Start at the top of the records and, please, print each line exactly through the line that contains "NOTES: Doan had", leaving out all pictures.

Start of Data records

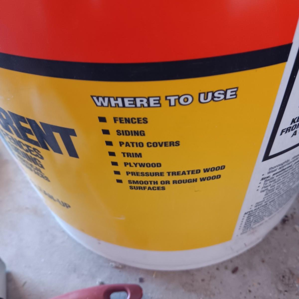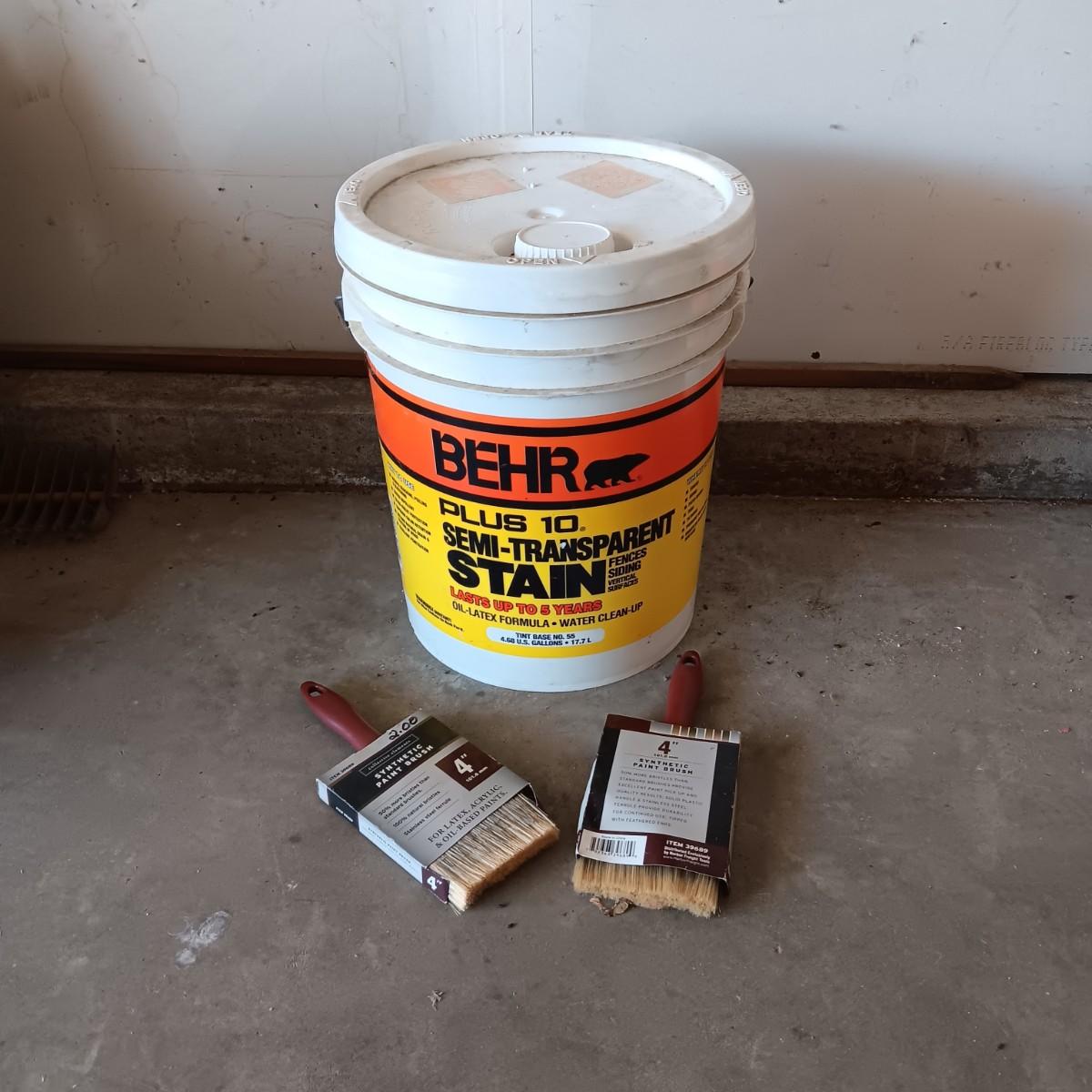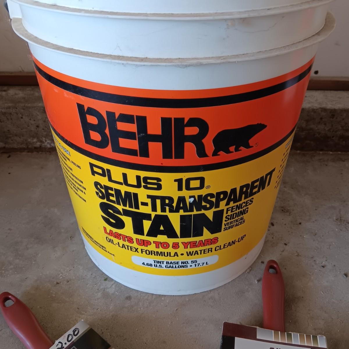 NEW 5 GALLON BUCKET OF BEHR SEMI-TRANSPARENT STAIN AND 2 BRUSHES
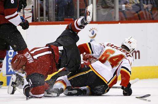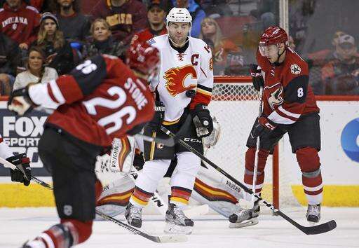 NOTES: Doan had an assist on Domi's goal to break Thomas Steen's franchise record of 553 assists. ... Calgary RW Kris Versteeg did not play after injuring his hip against Dallas on Tuesday. ... Arizona's Ryan White was called for instigating and was issued a 10-minute misconduct in the first period after Lance Bouma ran Coyotes Ekman-Larsson into the boards.
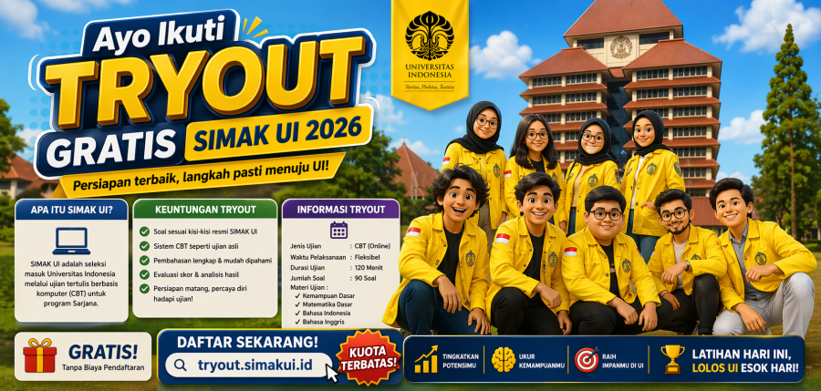 Banyak peserta SIMAK UI gagal bukan karena tidak pintar, tetapi karena tidak terbiasa dengan sistem ujian dan tekanan waktu. Saat ujian berlangsung, mereka panik, salah strategi, dan tidak maksimal dalam mengerjakan soal. Padahal, SIMAK UI dikenal sebagai salah satu seleksi mandiri paling kompetitif. Tanpa latihan yang tepat, peluang lolos akan semakin kecil. Karena itu, tryout gratis ini bisa menjadi langkah awal untuk mempersiapkan diri secara serius.
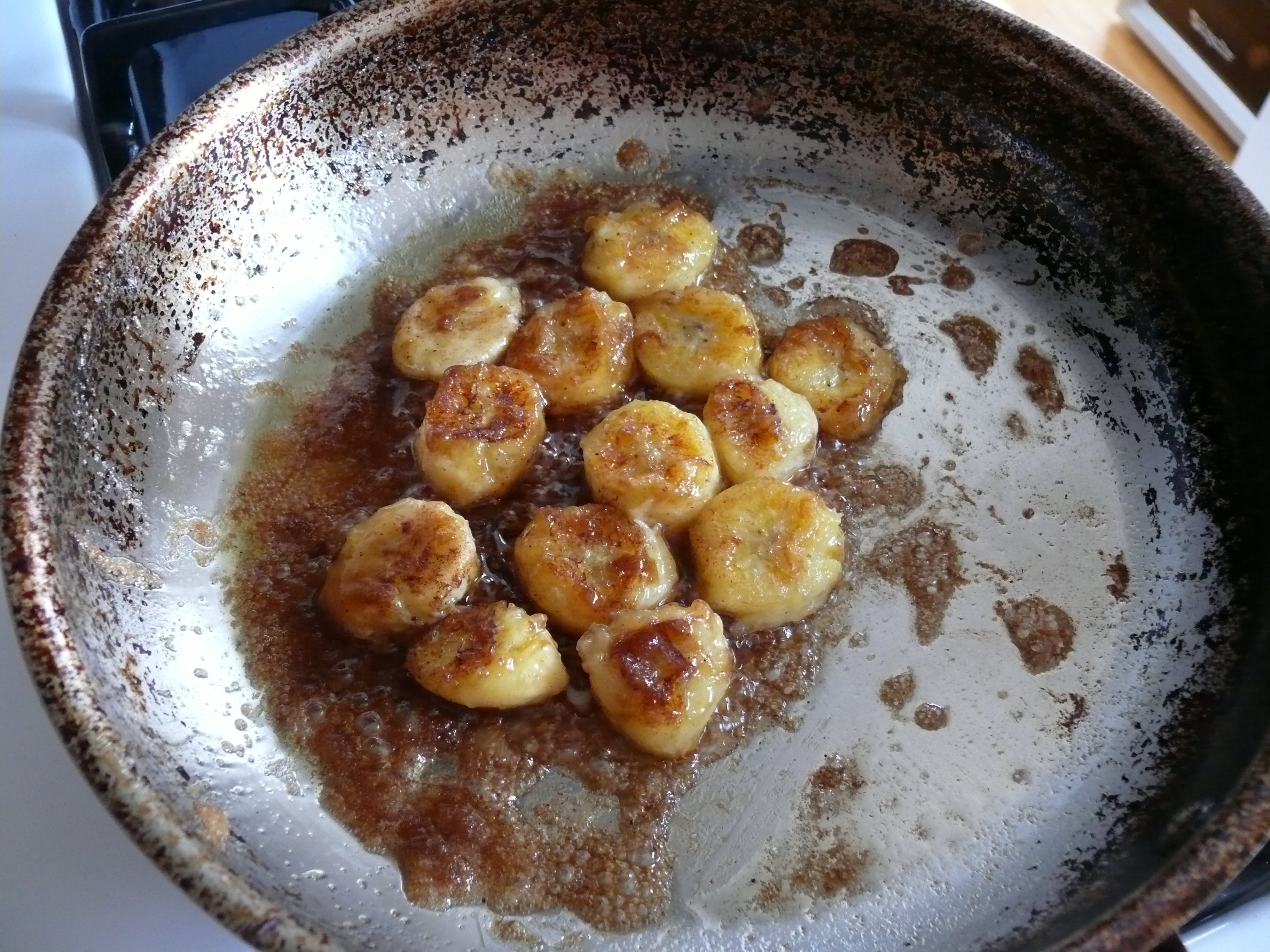 - Heat the butter in a skillet and  add the bananas. After a minute turn the bananas over and add the brown sugar, cinnamon and vanilla. Let simmer for a couple of minutes, then turn off the heat.
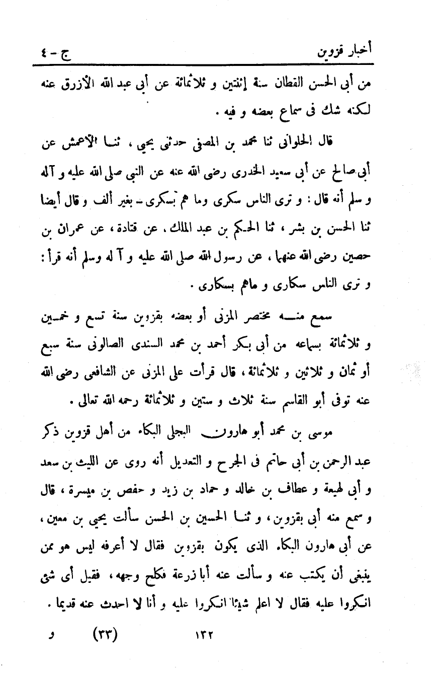 قَالَ الحلواني ثنا مُحَمَّدُ بْنُ الْمُصَفَّى حَدَّثَنِي يَحْيَى ثنا الأَعْمَشُ عَنْ أَبِي صَالِحٍ عن أبي سعيد الخدري رضي اللَّه عنه عن النبي صَلَّى اللَّهُ عَلَيْهِ وَآلِهِ وَسَلَّمَ أَنَّهُ قَالَ: "وَتَرَى النَّاسَ سُكَارَى وَمَا هم بسكارى" - بِغَيْرِ أَلِفٍ وَقَالَ أَيْضًا ثنا الْحَسَنُ بْنُ بِشْرٍ ثنا الْحَكَمُ بْنُ عَبْدِ الْمَلِكِ عَنْ قَتَادَةَ عَنْ عِمْرَانَ بْنِ حُصَيْنٍ رَضِيَ اللَّهُ عَنْهُمَا عَنْ رَسُولِ اللَّهِ صَلَّى اللَّهُ عَلَيْهِ وَآلِهِ وَسَلَّمَ أَنَّهُ قَرَأَ: {وَتَرَى النَّاسَ سُكَارَى وَمَا هُمْ بِسُكَارَى} .
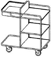 Wózek wielopoziomowy EW 390 z otwartą częścią na czystą bieliznę. Zamiast obręczy na worek - pojemnik na przybory (600 × 400 × 100 mm). Szer./gł./wys. = 955 × 600 × 1100 mm. Odległ. między półkami: 320 mm. Powierzchnia półki: 560 × 480 mm.
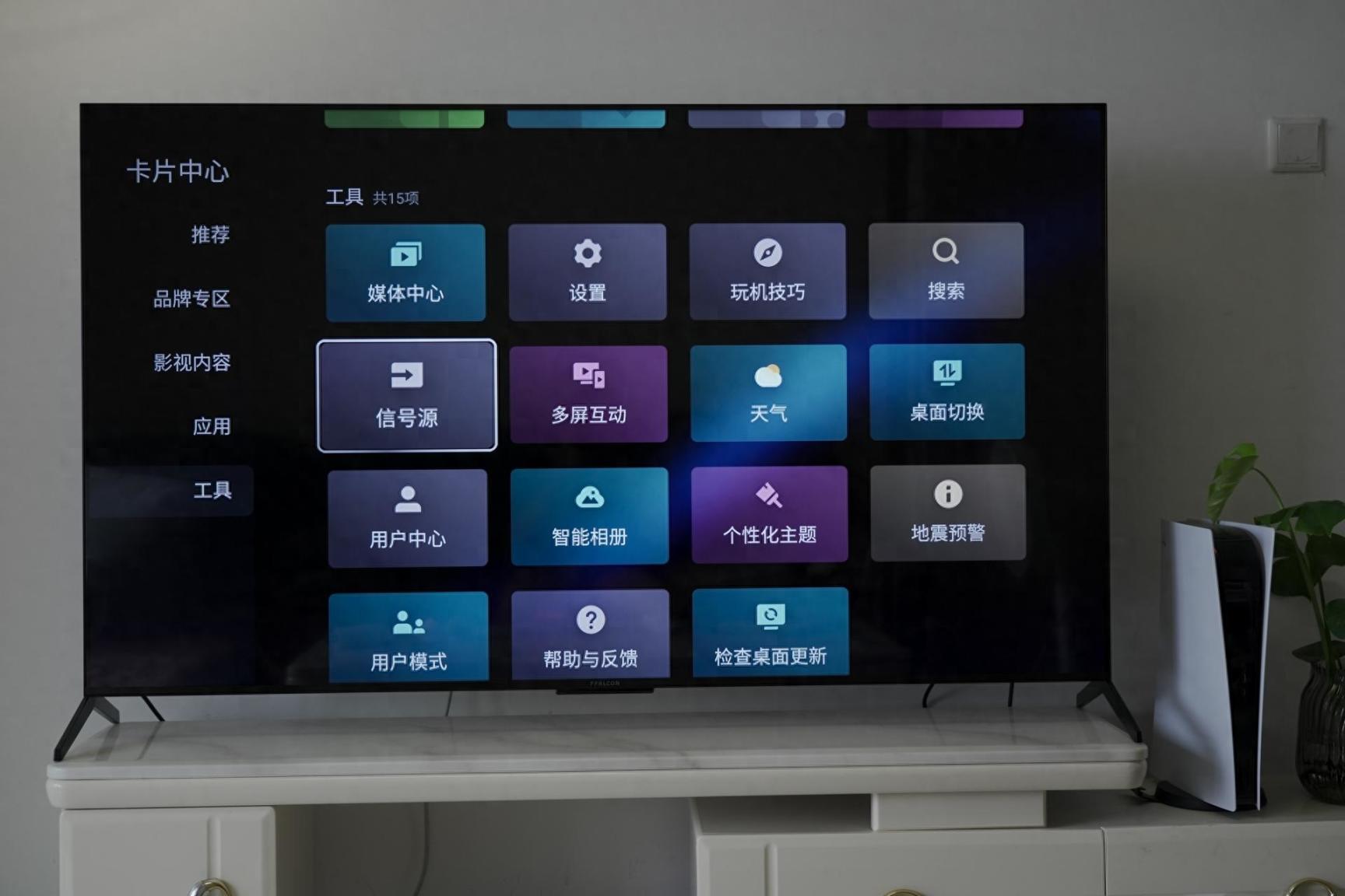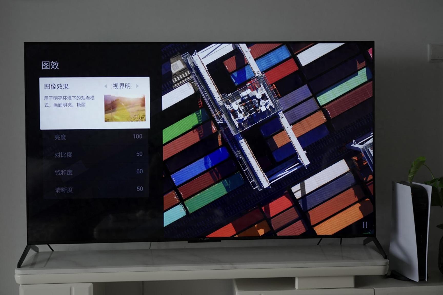 由于是租的房子,所以电视柜的长度我是真的没想到,恰恰够用,不过也能用了,我还接了芝杜Z9X PRO电视盒子,还有PS5,整体效果如上。
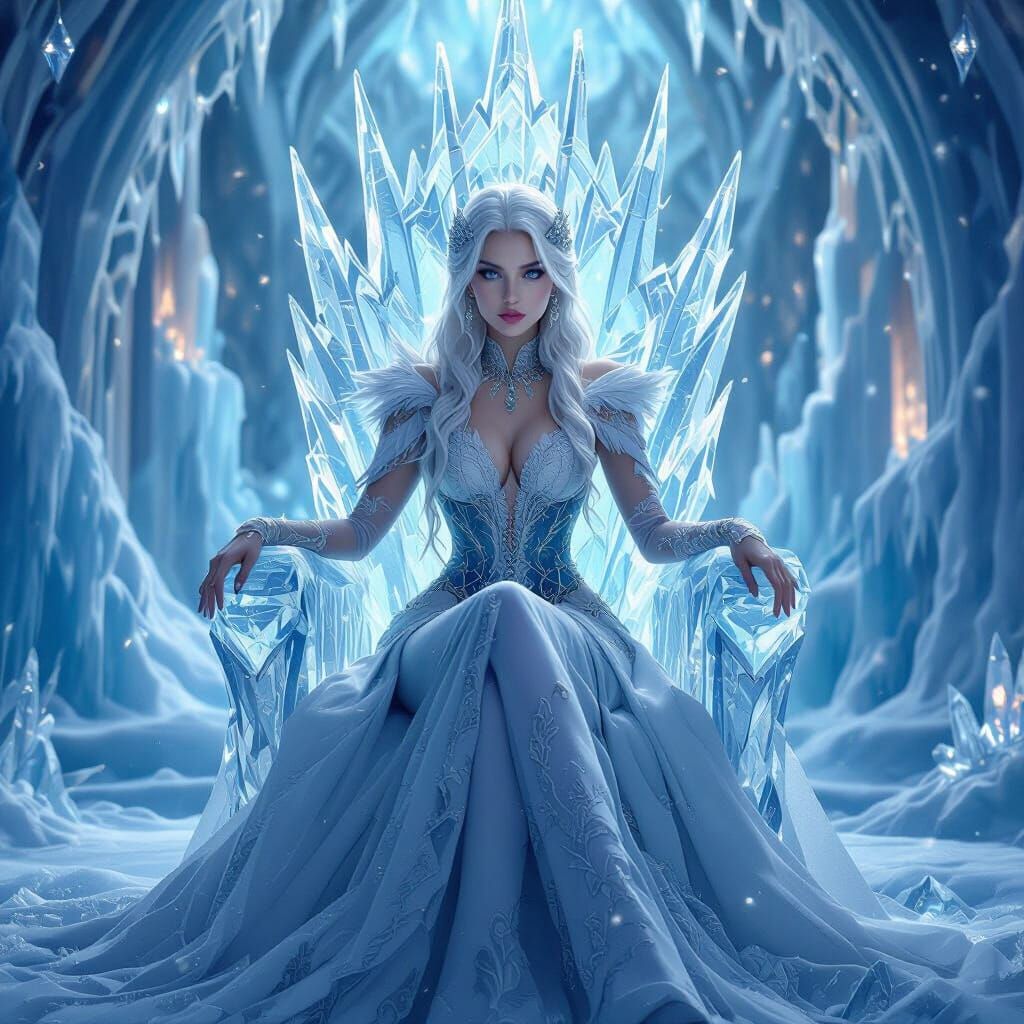 A hyperrealistic digital rendering of an ice queen on a throne of ice. She has silver hair, blue eyes and wears an ornate gown, surrounded by snowflakes. The artwork features organic curves and atmospheric lighting.
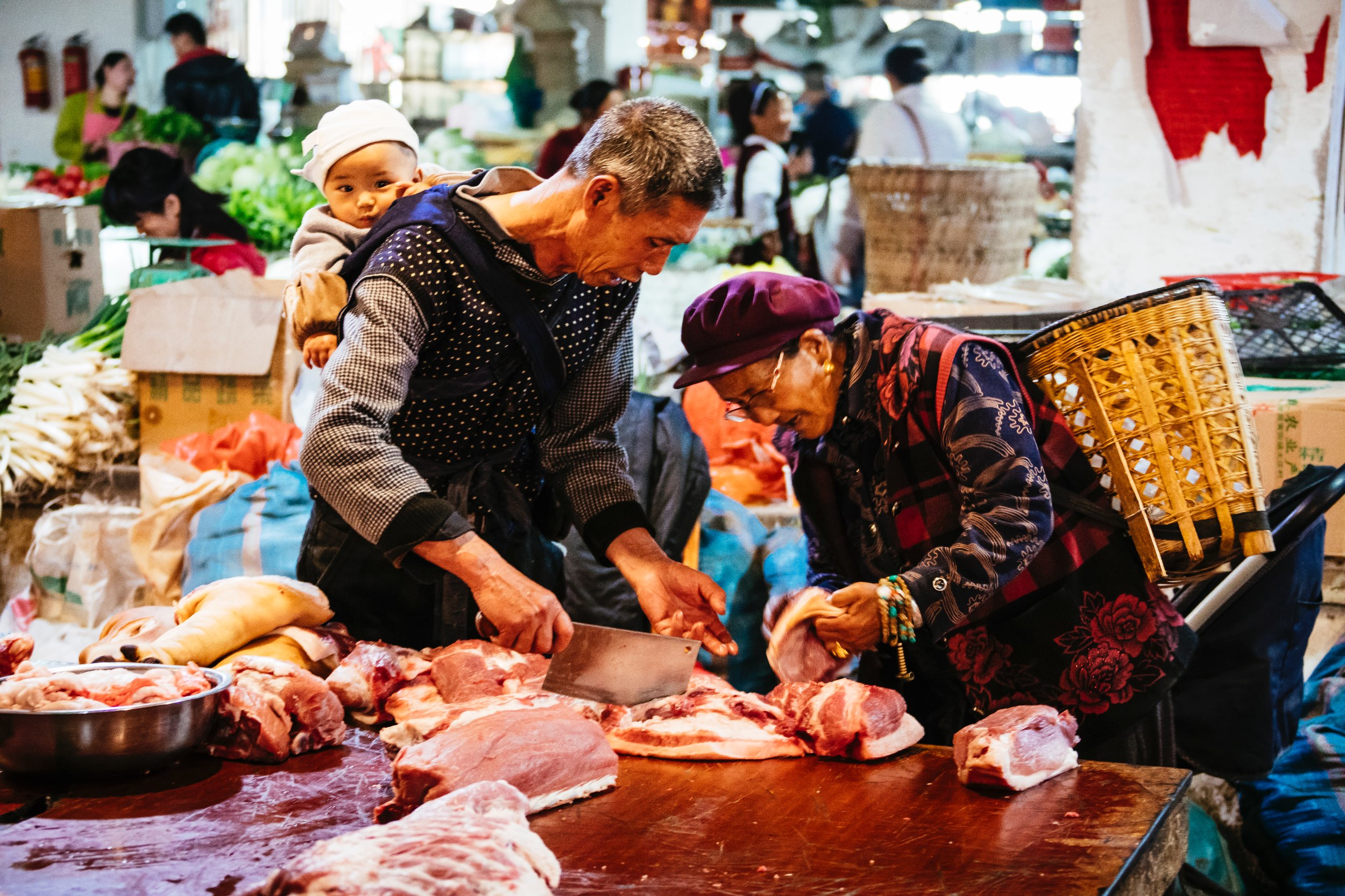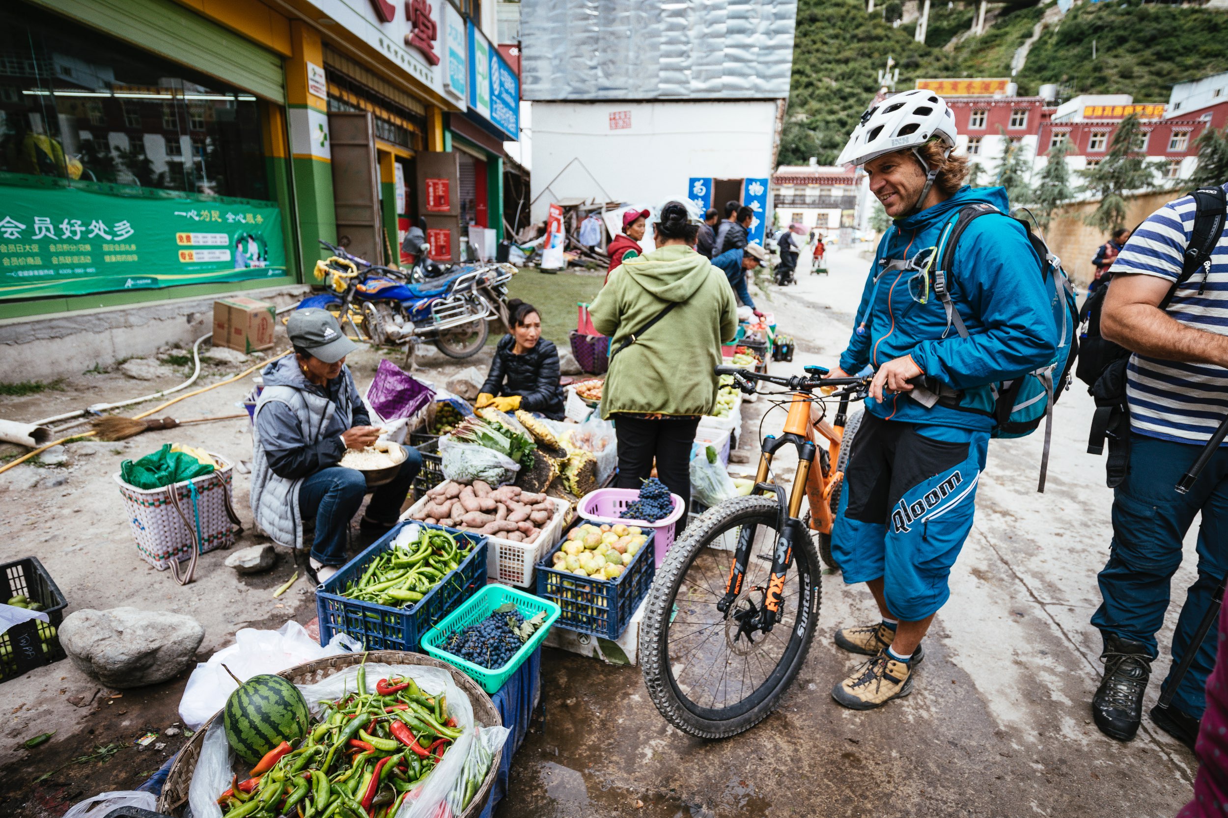 Am nächsten Morgen geht es zum Einkaufen auf den riesigen Markt in Deqin. Recht verloren stehen wir da, weil niemand von uns eine Ahnung hat, wie viel Lebensmittel wir brauchen werden. Zum Frühstück wird es Nudelsuppe, mittags Kekse und Schokolade geben, abends Reis und Gemüse. So der Essensplan. Nur nicht zu wenig einkaufen, hungern unterwegs ist nicht gut. Vor allem nicht bei Anstrengung. In großen, weißen Säcken transportieren wir unseren Einkauf zu dem winzigen Bus. Vollgepackt bis unters Dach reicht der Platz nicht für uns alle. Daher schwingen wir uns auf die Räder. Der Bus fährt vor, die Ware wird ausgeladen, dann sammelt der Fahrer uns am Straßenrand ein, um zum Treffpunkt mit den Pferden in einem kleinen tibetischen Bergdorf zu gelangen. Wir haben unten im Tal die Grenze nach Osttibet passiert, welche nur durch einen spärlich besetzten Checkpoint in einem winzigen Zelt am Straßenrand erkennbar ist. Die Beamten kontrollierten kurz unsere Ausweise und haben sonst keinerlei Interesse an uns.

End of Data records

● Exercise output:
 NEW 5 GALLON BUCKET OF BEHR SEMI-TRANSPARENT STAIN AND 2 BRUSHES
 NOTES: Doan had an assist on Domi's goal to break Thomas Steen's franchise record of 553 assists. ... Calgary RW Kris Versteeg did not play after injuring his hip against Dallas on Tuesday. ... Arizona's Ryan White was called for instigating and was issued a 10-minute misconduct in the first period after Lance Bouma ran Coyotes Ekman-Larsson into the boards.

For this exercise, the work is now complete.